Collaborative Building

One of the first steps in your work is to involve a community collaborative, representing the key stakeholders in medication access. While not a complete list, the following leaders, agencies, and businesses are typical suspects in the creation of your community charity pharmacy. You might consider starting a small group of passionate leaders, at first. But over time, expand your community charity pharmacy leadership to have engaged the following for assistance, leadership, administrative help, facility space, donations, and staffing:

Health System/Hospital Leadership– Aside from the patients themselves, hospitals have the most to gain in seeing the launch of a community charity pharmacy. Inpatient care and Emergency Department services to treat otherwise avoidable conditions among the uninsured cost billions of dollars annually for hospitals. This uncompensated care will be greatly impacted by your community charity pharmacy. Work with your hospital leadership to identify resources and funding. They are often the most willing to help. 
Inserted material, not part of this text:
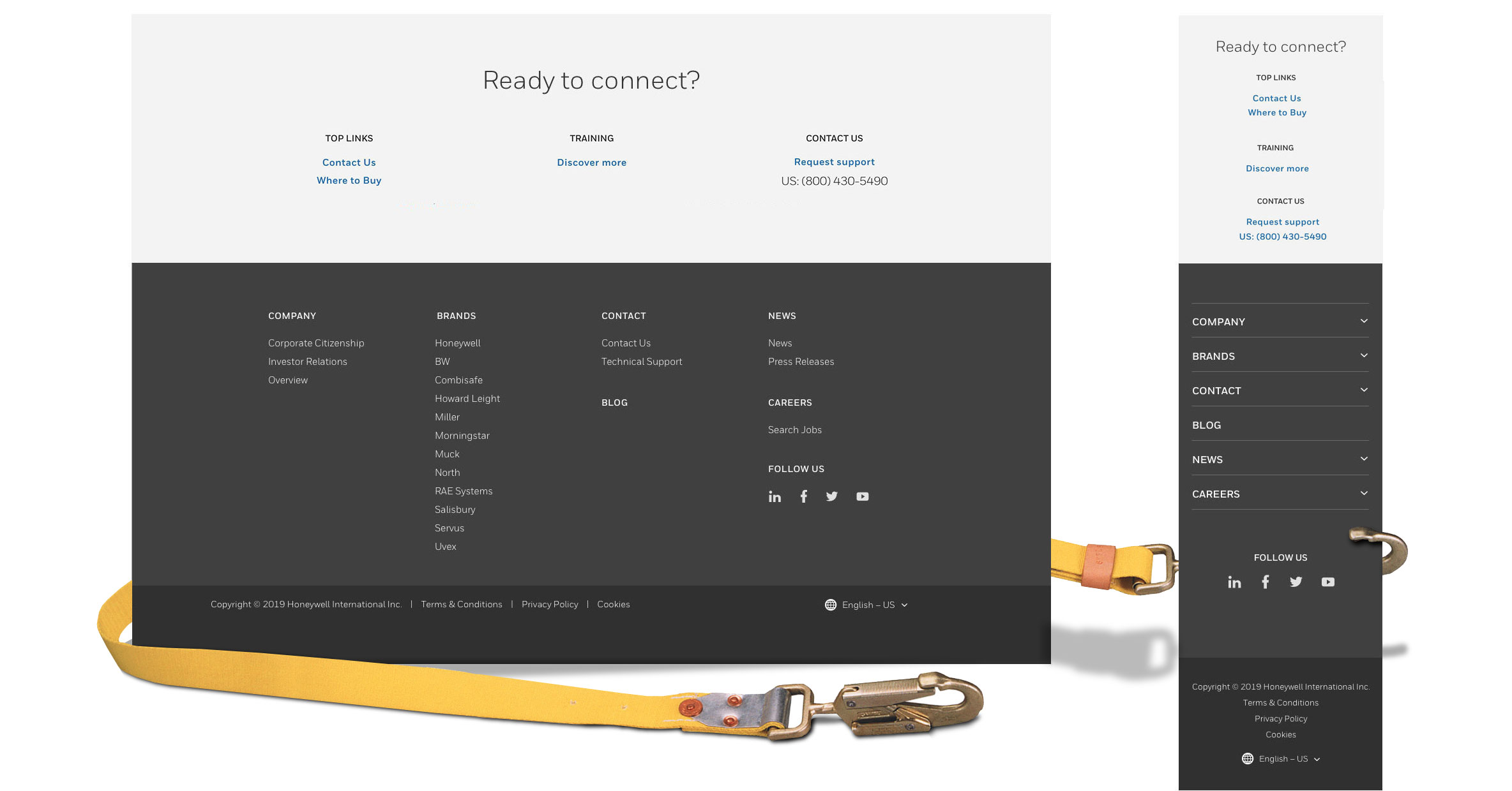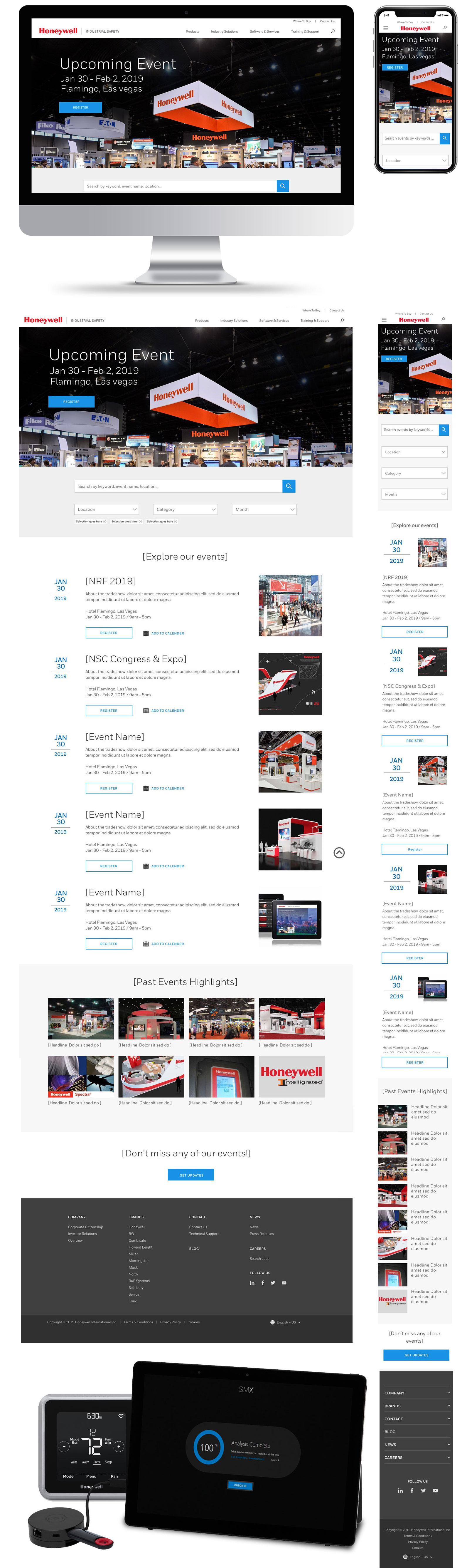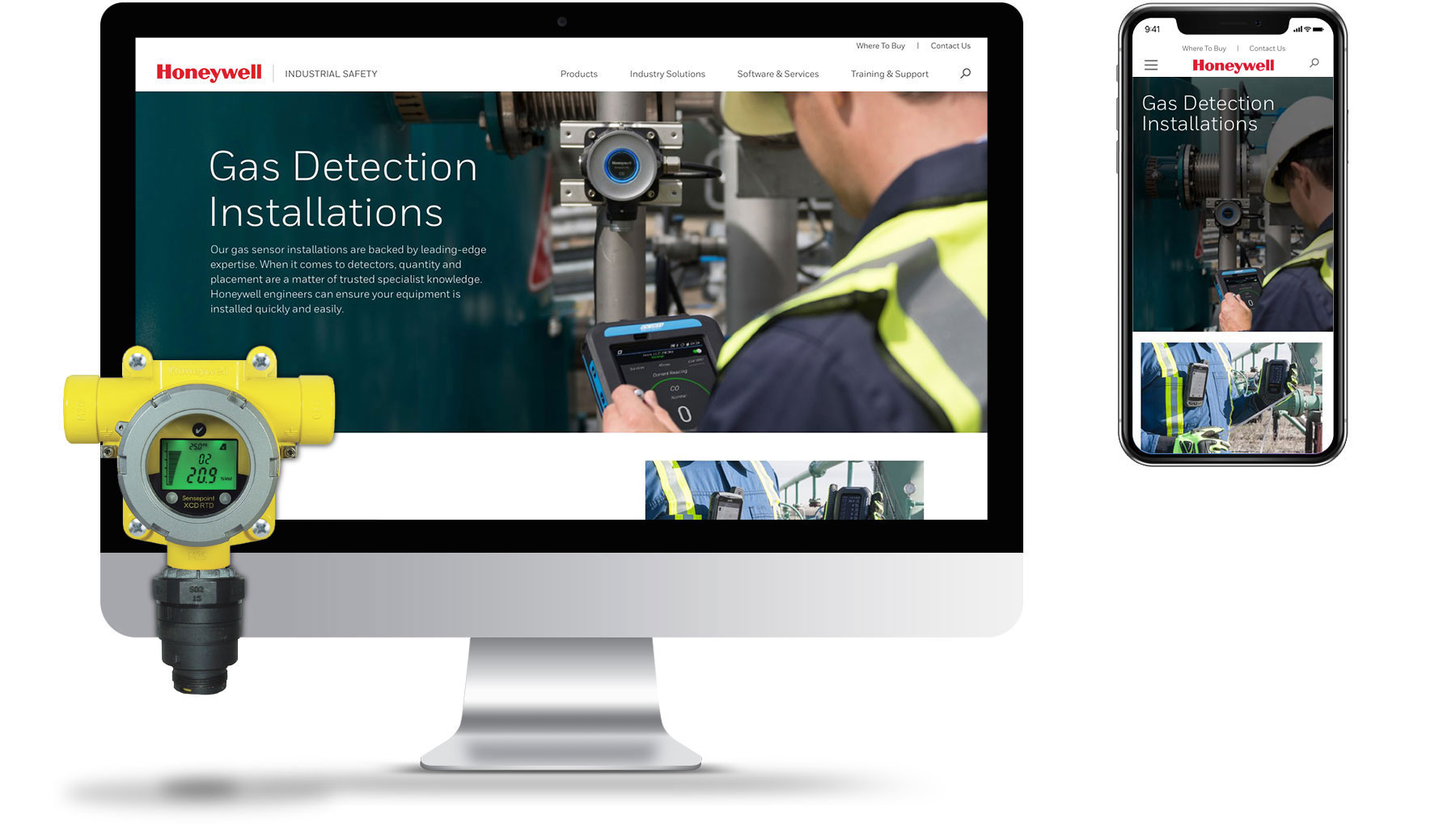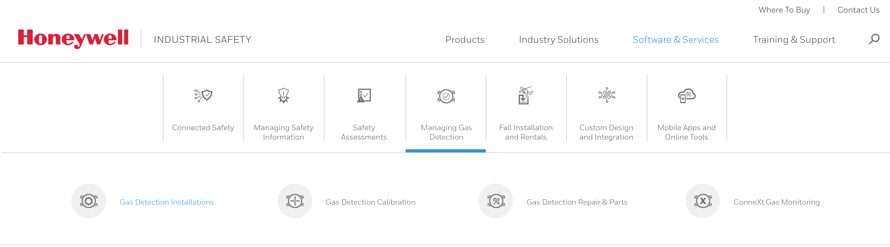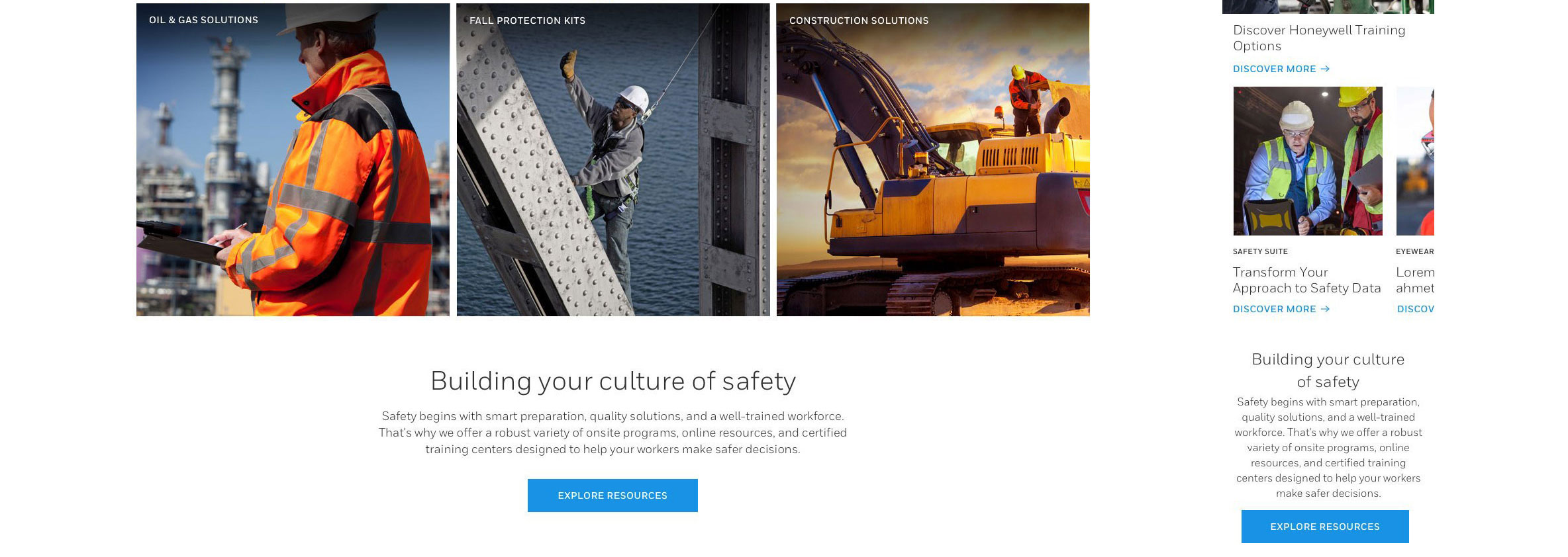 The redesign of Honeywell's industrial safety website, a division of Honeywell that specializes in everything safety related, including clothing, industrial solutions, and software and services solutions.

Medical Societies– Physicians care about their patients. They get frustrated that patients, particularly the uninsured, may decline in health specifically because the medication needed is unaffordable. Medical Societies offer the administrative organization access to the heart (and wallet) of the physician community. Work early and directly with the medical societies and local physicians. They will champion your work with you. 

Boards of Pharmacy– It would be a mistake to assume that the Board of Pharmacy is simply the rule making and rule enforcing structure in a state’s pharmacy access system. Rather, the board of pharmacy is composed of smart pharmacist leaders, who care about the uninsured and care about the transformation of the community to serve better health outcomes. Engage the Board of Pharmacy about design questions, but also ask for their expertise as you build your work. They will help you do it efficiently, and correctly. 

Public Health– The local health officer is responsible to improve the health of the community. They and their staff can assist you in finding funding, the best facilities, and other resources to serve your work. 

Free Clinics– Unless your community is rather small, there is probably at least one free clinic in the area. If there are more than one, they often meet to discuss issues such as funding, operational design, patient care, and other topics. Be sure to engage with the free clinic community to complement their strategies for community health, to align operational systems, and to work together to achieve overall health improvement. 

FQHCs– Not unlike the free clinics, federally subsidized clinics (called Federally Qualified Health Centers) exist in almost every community. Be sure to work with them to align operational design and to complement existing services. 

Schools of Pharmacy– A ready source of research support and volunteer students exist at local schools of pharmacy. Be sure to work with the leadership of the schools to maximize your integration with their work. 

Faith Community– Often, churches, temples, mosques, and synagogues have operational features that support the healthcare of the poor, and which provide funding for good ideas. Often, the faith community in an area has a collaborative structure or ecumenical council that meet to consider new ideas and resources. 

Government Leadership– your local mayor’s office can be a great help in starting a community charity pharmacy. The staff at the mayor’s office has the networking connections and relationships to identify answers to key questions. 

There are a number of partners in a given city or community ready to help you achieve your vision of a community charity pharmacy. When it is time to educate these and work to launch an operation, start by building relationship and sharing vision. Often partners will want to know you, as well and know your vision. Some other partnership opportunities not listed above include: parish nursing programs, disease specific coalitions, transplant coalitions, for-profit healthcare providers, health coalitions, engaged community leaders, and the chamber of commerce.